◆ **Problem to solve**:
What you give back should be exactly the lines from the one with "跨文化沟通策略定义差异尊重刻板印象避免PPT模板推荐" through the final line of the material, pictures removed; please add nothing.

═════ Source material ═════

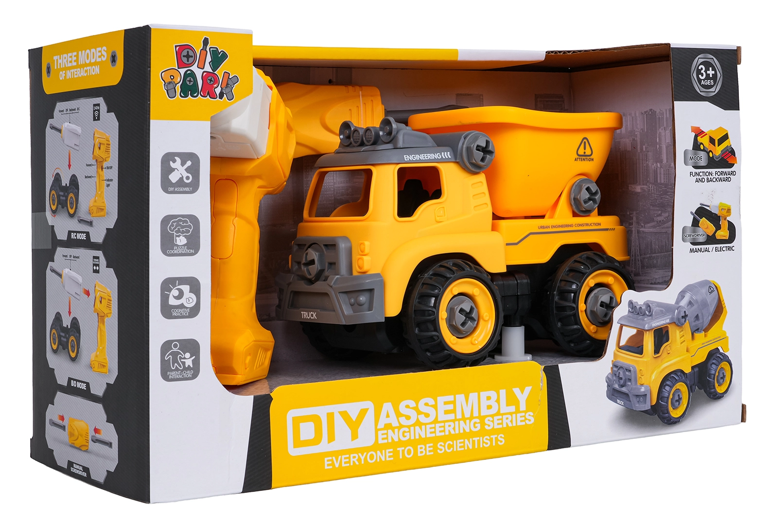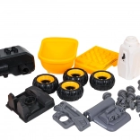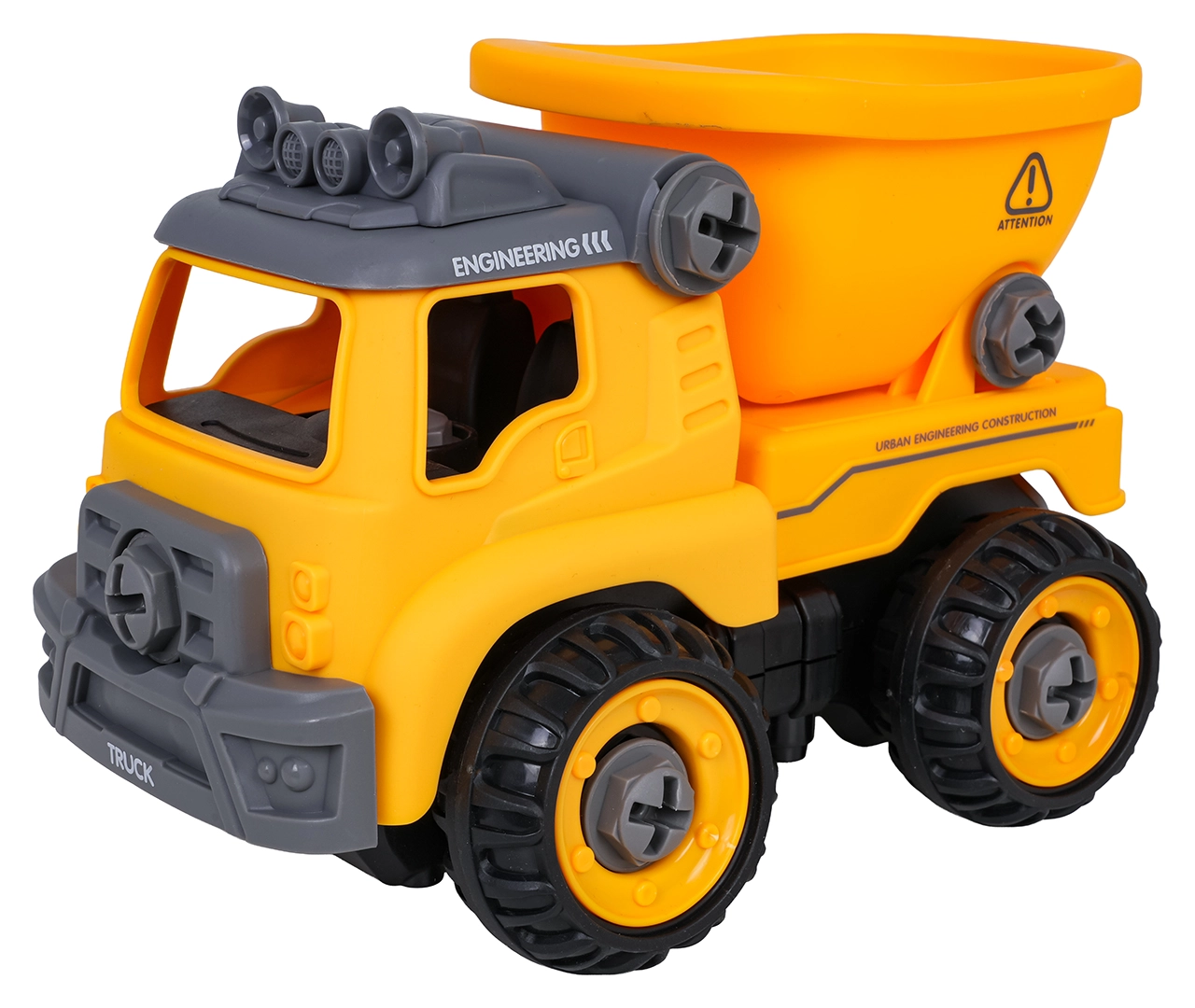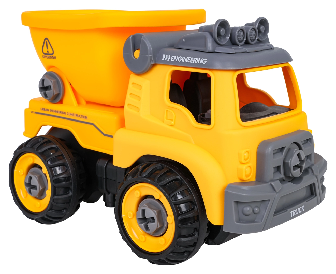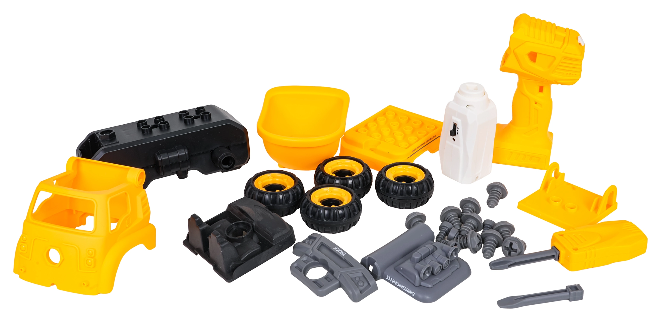 La benne de chantier est livrée entièrement assemblée et prête à rouler. À l’aide de la perceuse à piles et du tournevis manuel fournis, les enfants peuvent la démonter en pièces puis la remonter. Le véhicule est fabriqué en plastique résistant aux couleurs vives, idéal pour un jeu quotidien.
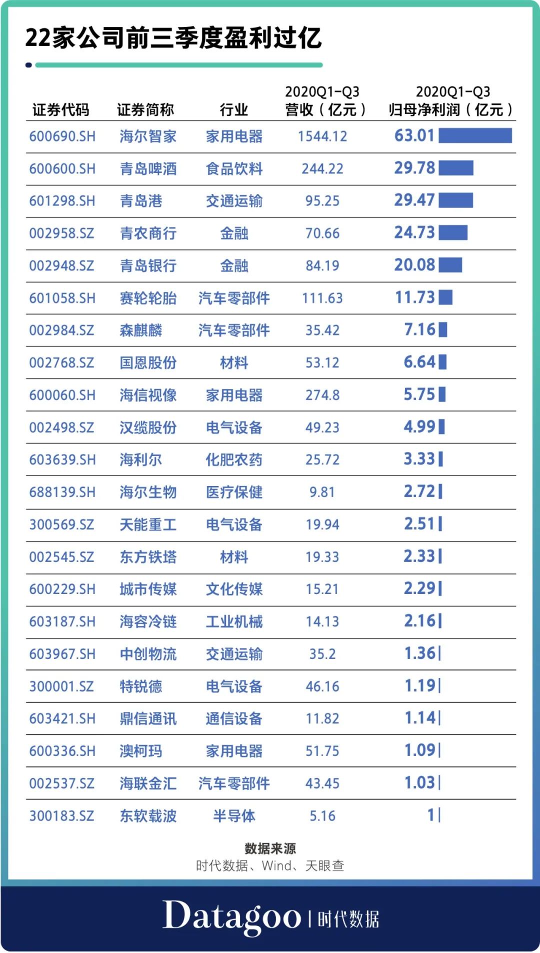 此外,**前三季度淨利潤超過10億元有6家。**其中,海爾智家(600690)業績高居第一,前三季度營收1544.12億元、歸母淨利潤63.01億元。其後,青島啤酒(600600)前三季度營收244.22億元、歸母淨利潤29.78億元。此外,全球最大綜合性港口之一青島港(601298)前三季度營收95.25億元,淨利潤高達29.47億元,排在第三。
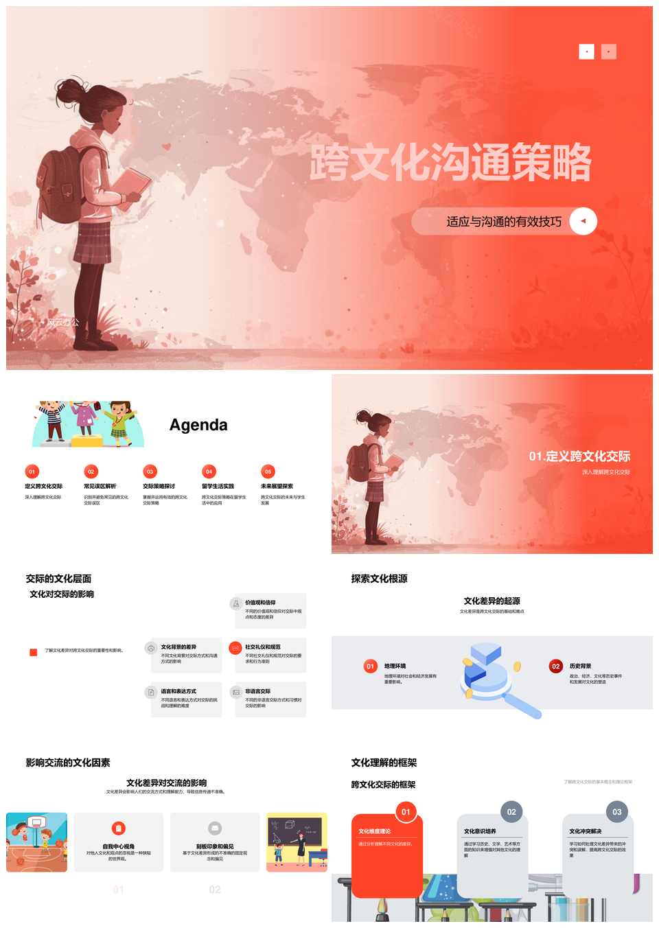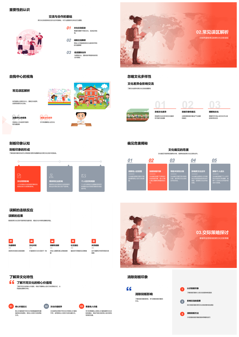 跨文化沟通策略定义差异尊重刻板印象避免PPT模板推荐
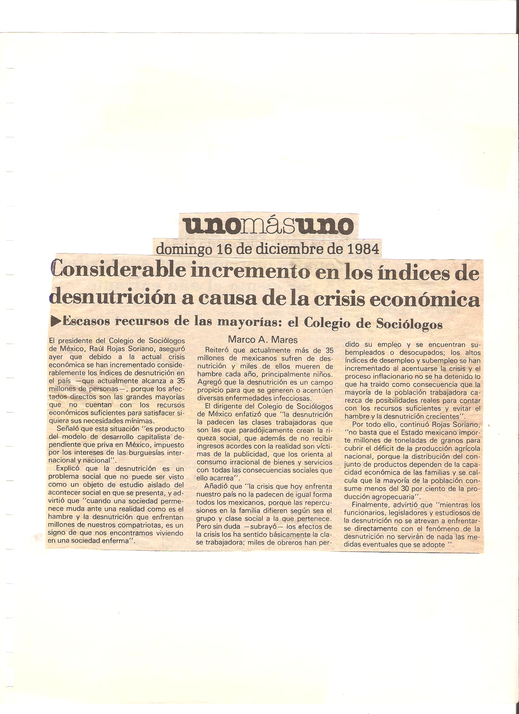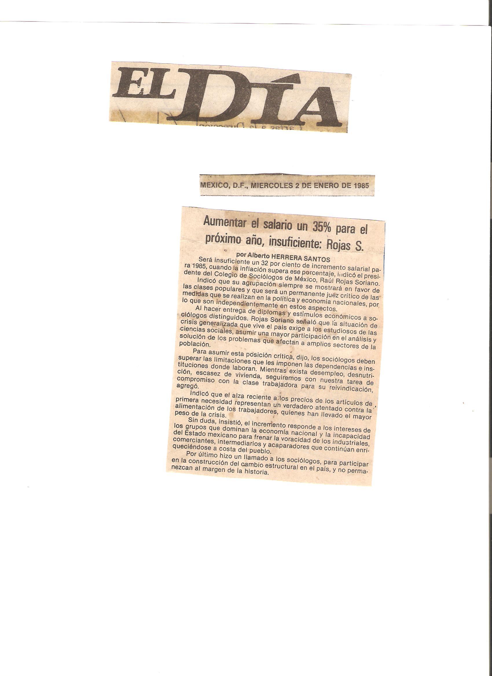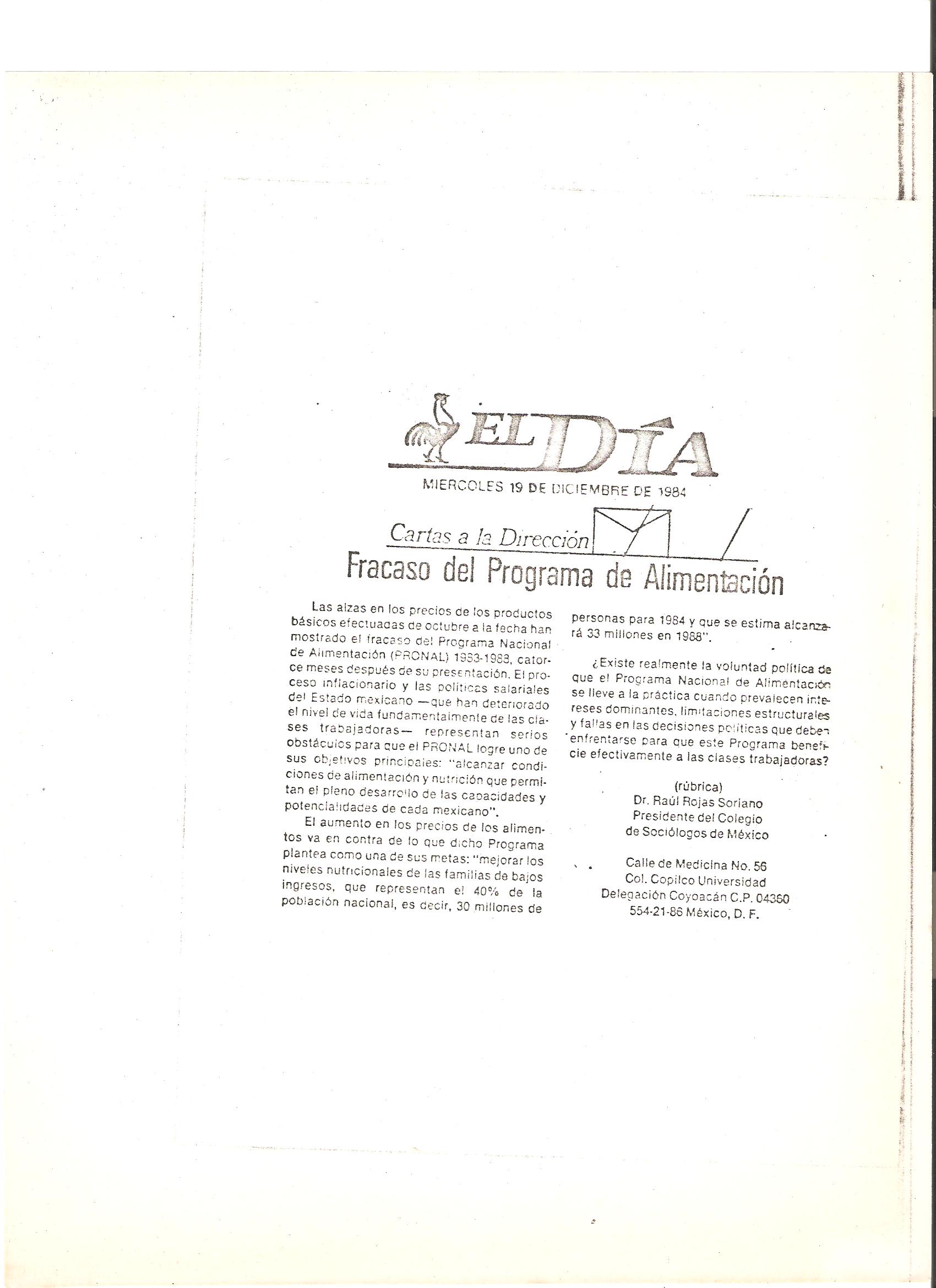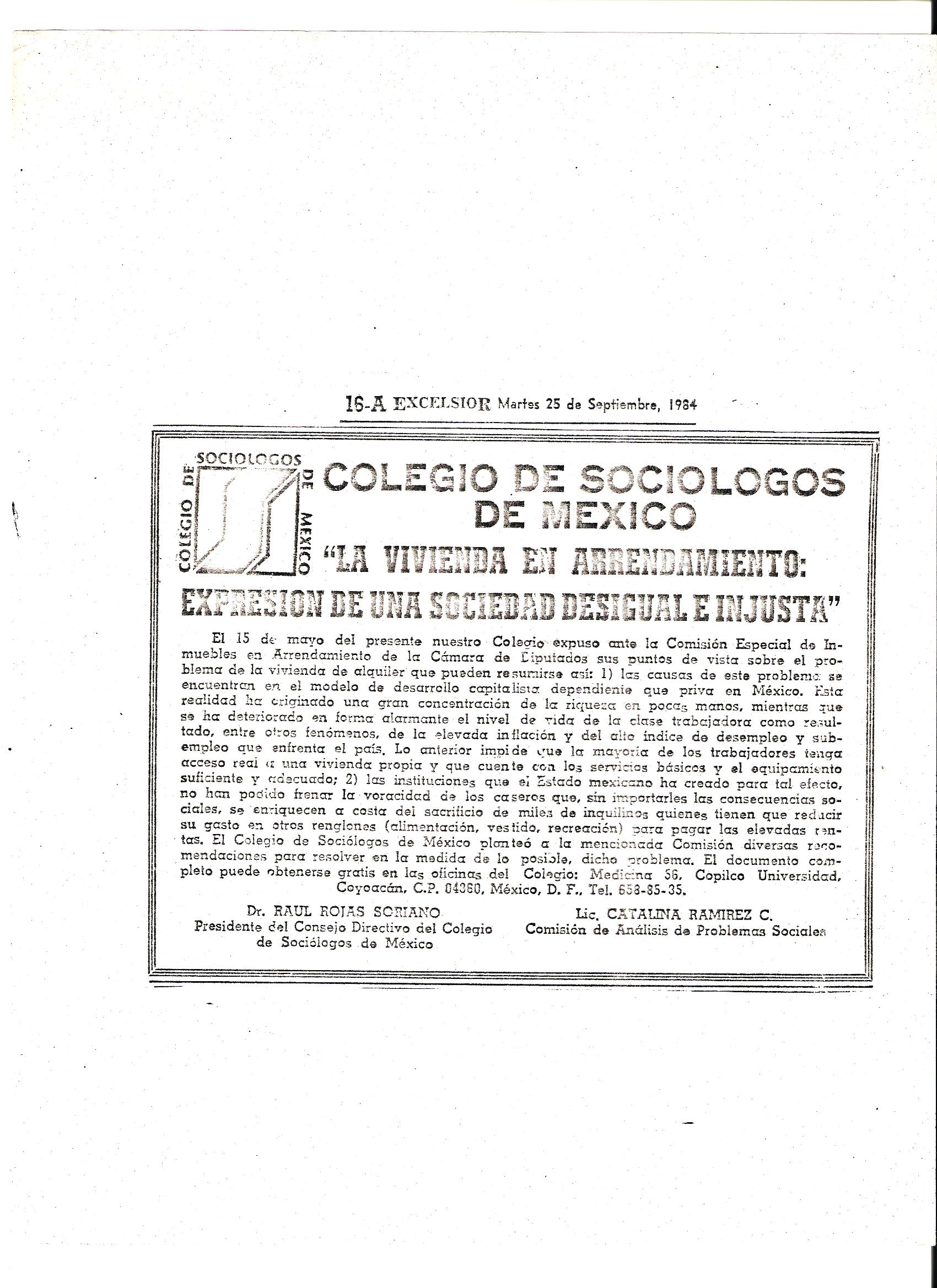 Algunos de los periódicos y revistas de México que entrevistaron al Dr. Raúl Rojas Soriano, o en los que se publicaron sus actividades profesionales, académicas y de transformación social cuando fue presidente del Colegio de Sociólogos de México, A.C. (abril de 1984 a abril de 1986)

═════

◆ **Written answer**:
 跨文化沟通策略定义差异尊重刻板印象避免PPT模板推荐
 Algunos de los periódicos y revistas de México que entrevistaron al Dr. Raúl Rojas Soriano, o en los que se publicaron sus actividades profesionales, académicas y de transformación social cuando fue presidente del Colegio de Sociólogos de México, A.C. (abril de 1984 a abril de 1986)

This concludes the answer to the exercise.